The Myth of Constant Output
We live in a culture that values visibility. If you’re not constantly creating, constantly sharing, constantly performing, you slip out of the wider consciousness. You wonder whether you are even real if you're making no impression on the world. That you are falling behind. Social media, industry expectations, even our own internal voices reinforce the pressure. Show up. Post. Perform. Sell tickets. Get published. Get likes. Get funding. Get seen.
But this pressure can be dangerous. Sometimes you need to take a step back. Cultivate patience. Allow the art to breathe. Creativity doesn’t work on a clock. And life, real life, doesn’t wait for artistic schedules. If you're in a season of silence, it doesn’t mean you’ve lost your voice.
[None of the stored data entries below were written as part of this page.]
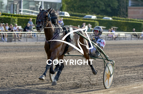 - Beskrivelse: HARPER med Michael Lønborg 6. løbs vinder af Taroks Mindeløb 2024, på Charlottenlund d. 2024-07-21. Photo: Burt Seeger.
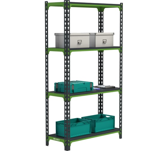 Стеллаж ООО Металекс MID 2000x1000x500 SMD201050 используется для хранения вещей и документов в офисах, на производстве, на складах, в магазинах, в доме, на балконах, на дачах, в гос. учреждениях. Нагрузка на стеллаж: до 800 кг.Цвет: тёмно-серый+зелёный.
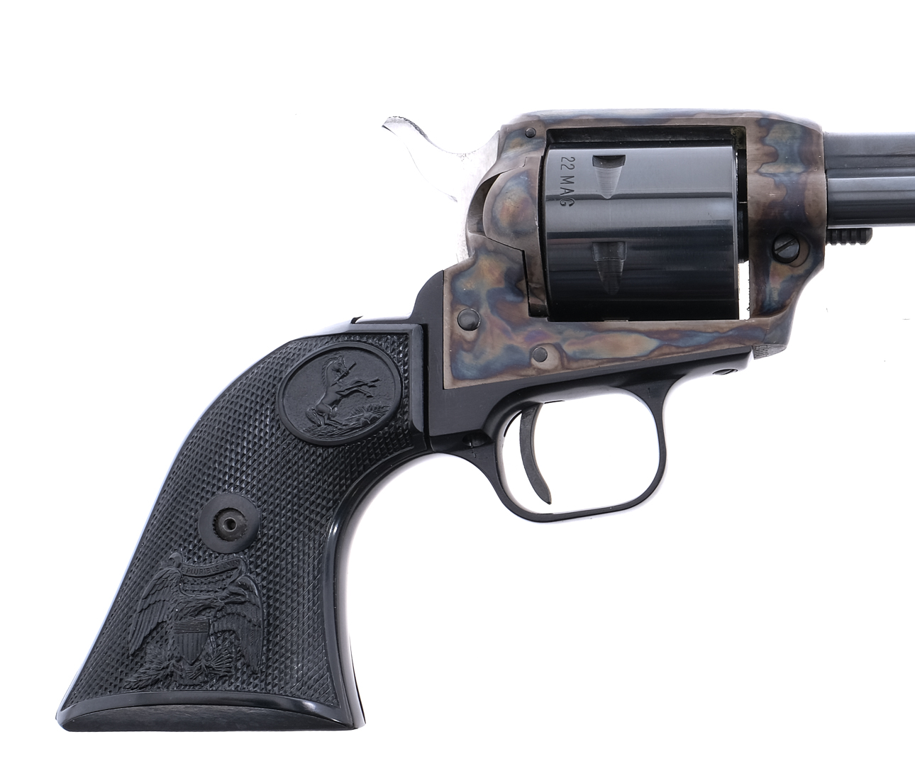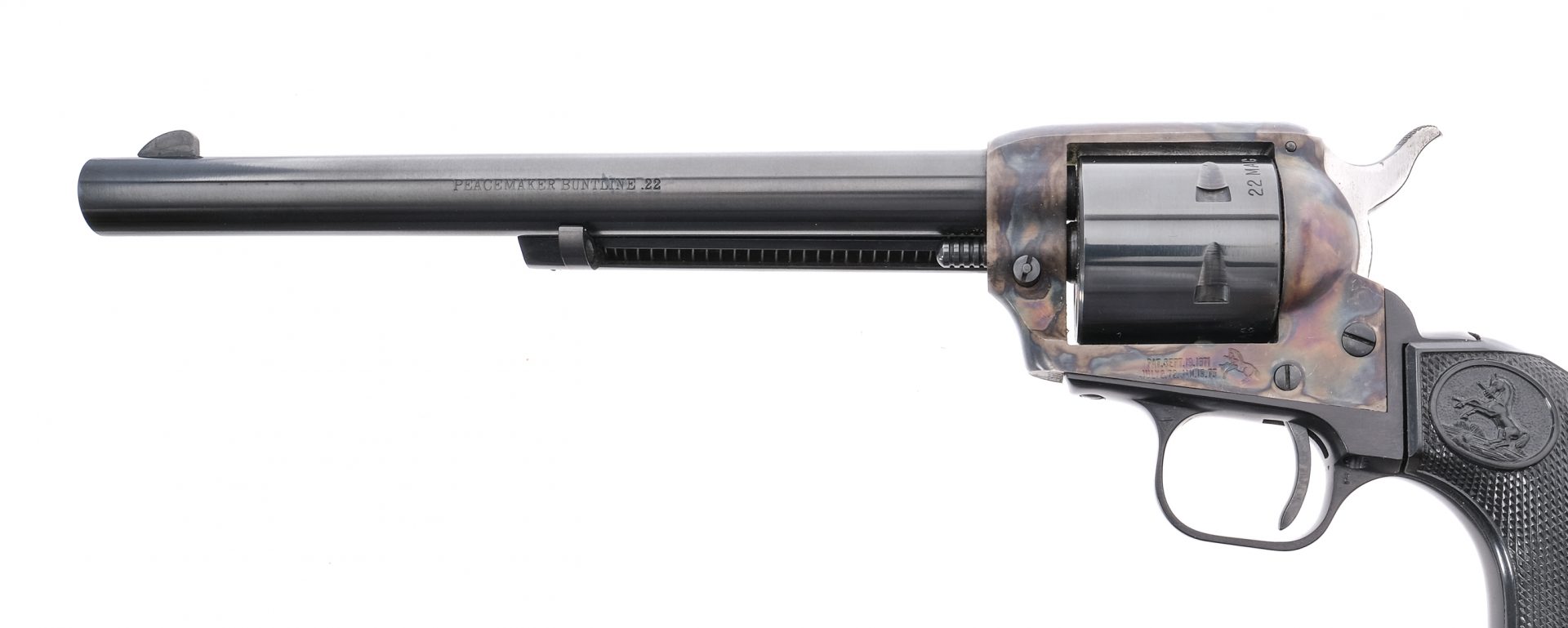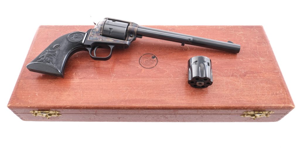 Description Colt Peacemaker Buntline with two, six-shot cylinders one chambered in .22 long rifle and one chambered in .22 magnum, and a 7.5″ barrel. Black finished barrel, cylinders, trigger, and backstrap. Case colored frame. Stainless and blued textured trigger. Diamond checkered composite Colt grips. Engraved heel. Rear notch and front fixed blade sights. Comes in its factory wood Colt case with instruction manual and two cylinders. Must ship to FFL holder. Condition: Like new with trigger tag and no turn line on either cylinder. The outside of the wood case is covered in scratches and marks. Barrel Length: 7.5″ Serial: G156631 Manufacturer: COLT Year: 1975 Caliber: .22 Long Rifle .22 Magnum Model: Peacemaker Buntline Book# 10-300

Art is Potential as much as Product
Art is often tied up with delivery. But the final form is only part of the picture. The real miracle all artists share in common, whether they’re in technical rehearsals before an opening performance or simply waking up in the middle of the night to note down some flash of inspiration, is the potential. The spark that exists no matter your phase of life or level of productivity.

That creativity lives inside you, even when it lies dormant. Even if you're changing nappies or working a job you hate or caring for someone who needs you more than the page or the stage does right now. You are still an artist, even in stillness.
That principle applies to all art. Art at its finest can boil down to an interchange between two people. It can live in the smallest room, the smallest gesture, the quietest thought. If your creativity leaks out in how you cook a meal, how you speak to a child, how you write a birthday card, you are still creating.
Art is not always the explosion. Sometimes it’s the ember.
One Person Is Enough
We always return to Peter Brook's observation that theatre exists when an actor walks across an empty space while observed by a spectator. That’s it. No stage lights, no budget. Just a person and a witness. We say this to ourselves, again and again: if your work reaches just one person, it is enough.
That one person might be a friend, or a stranger in the audience. But it might also be you.
Art doesn’t need to go viral to matter. It doesn’t need to make money to be valid. It doesn’t need to “succeed” in the way we’ve been told to measure success. It just needs to be an attempt to communicate something truthful.